• _Problem_
Leaving the pictures aside, repeat each line below exactly.

• _Data shown_
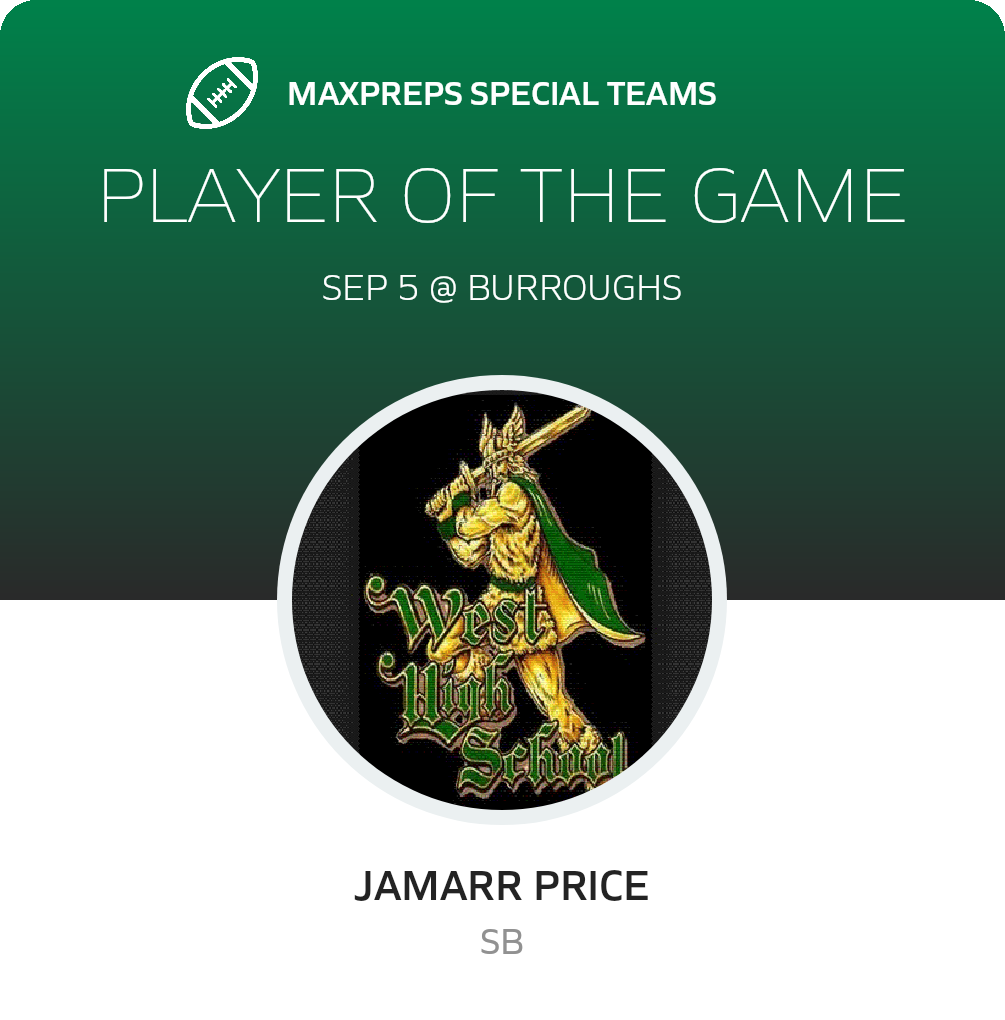 Congratulations to #1 Carlos Real (overall), #26 Jamarr Price (offensive and special teams) and #6 Victor Bernal (defensive) for being selected the West Football Players of the Game.
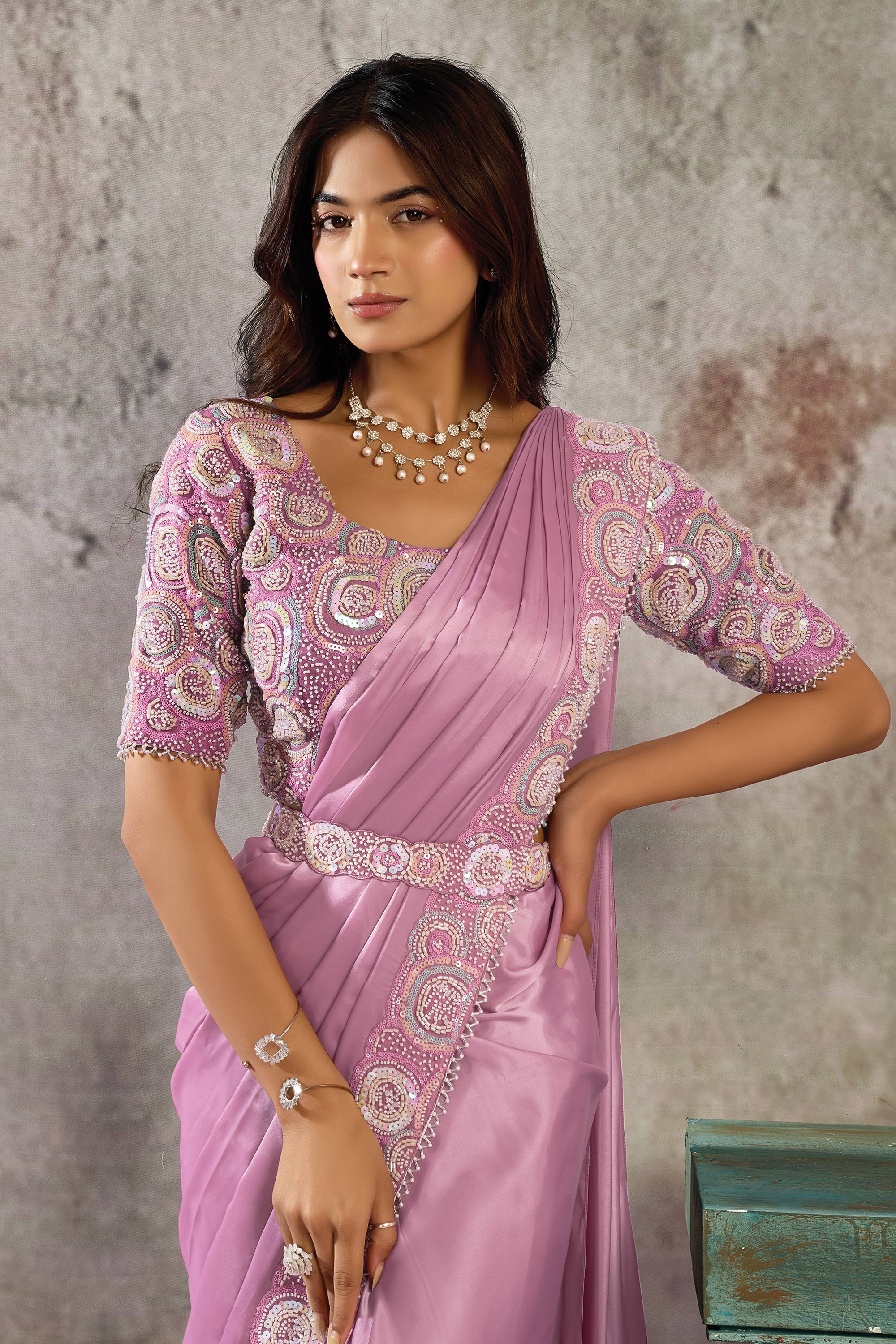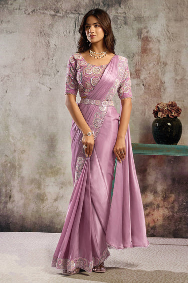 Pink Function Wear Satin Embroidered Border Work Readymade Saree
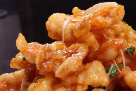 鍋包肉是東北的溜肉段衍生出來的一道菜,只不過現在是肉片,外面包著用土豆做的淀粉,放在油里炸,所以又叫“鍋爆肉”,外脆、酸甜,里面的肉嫩。

• _Solution for this problem_
 Congratulations to #1 Carlos Real (overall), #26 Jamarr Price (offensive and special teams) and #6 Victor Bernal (defensive) for being selected the West Football Players of the Game.
 Pink Function Wear Satin Embroidered Border Work Readymade Saree
 鍋包肉是東北的溜肉段衍生出來的一道菜,只不過現在是肉片,外面包著用土豆做的淀粉,放在油里炸,所以又叫“鍋爆肉”,外脆、酸甜,里面的肉嫩。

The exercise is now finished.